Les scientifiques ont ensuite étudié des sérums de patients atteints de formes symptomatiques ou asymptomatiques de la Covid-19. En plus de leurs nouveaux tests, ils ont analysé les anticorps avec différentes méthodes préalablement développées à l’Institut Pasteur, telles que le test S-Flow pour rechercher la présence d’anticorps dirigés contre la Spike du SARS-CoV-2 et le test S-Fuse qui mesure la capacité de neutralisation de ces anticorps.

« Cette étude a permis de montrer que les individus infectés par le SARS-CoV-2 possèdent des anticorps capables d’attaquer le virus de différentes manières, en l’empêchant d’entrer dans les cellules (neutralisation) ou en tuant les cellules infectées grâce à l’activation des cellules NK (via la fonction ADCC).
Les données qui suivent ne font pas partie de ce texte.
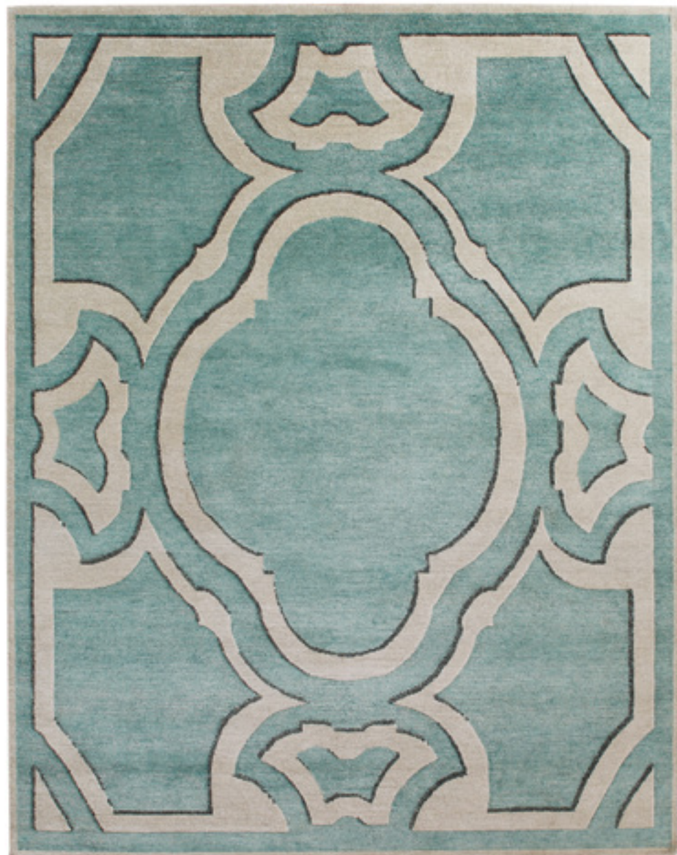
Chenonceaux Laine, lin & soie / Wool, Linen & Silk

On parle donc d’anticorps polyfonctionnels », explique Timothée Bruel, co-auteur principal de l’étude et chercheur au sein de l’unité Virus et immunité à l’Institut Pasteur[1] et au VRI. En comparant différents groupes de patients, les scientifiques ont ensuite montré que les personnes asymptomatiques possèdent également des anticorps polyfonctionnels et que leur réponse est légèrement plus faible que celle des patients atteints de formes modérées de la Covid-19.
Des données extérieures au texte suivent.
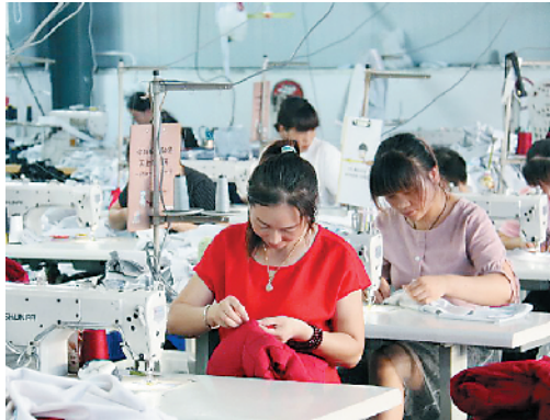
红花集镇杜岗村扶贫车间

点评:党旗飘扬事业兴,党员带头立新功;红色教育不放松,升升初心得始终;党建效果何处理,各项事业红彤彤。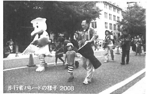
歩行者パレードの様子 2008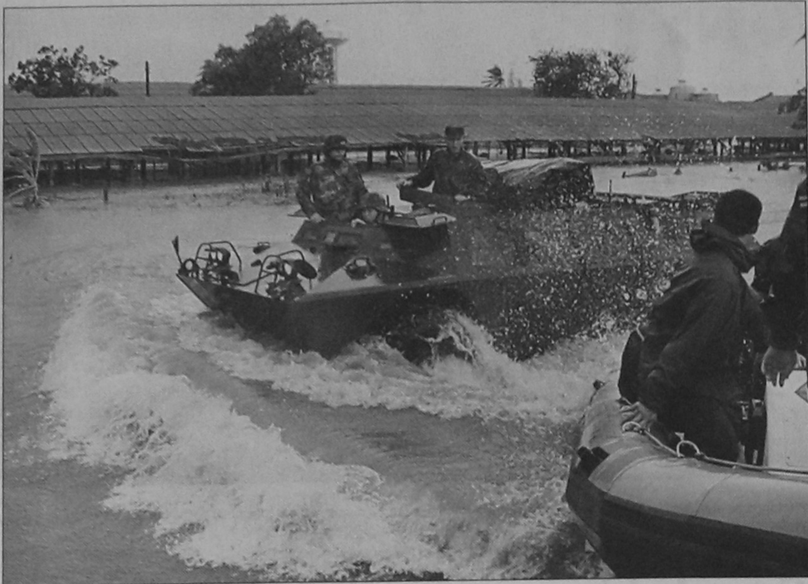
Handout photo from Taiwan Military Agency shows military troop searching for survivors in Hsuahchia, Tainan county, southern Taiwan yesterday, following heavy flooding caused by Typhoon Morakot.

« Cette étude révèle de nouveaux modes d’action des anticorps et suggère que la protection induite par une infection asymptomatique est très proche de celle observée après une infection symptomatique », conclut Olivier Schwartz, co-auteur principal de l’étude et responsable de l’unité Virus et immunité à l’Institut Pasteur et au VRI (Inserm/université Paris Est Créteil).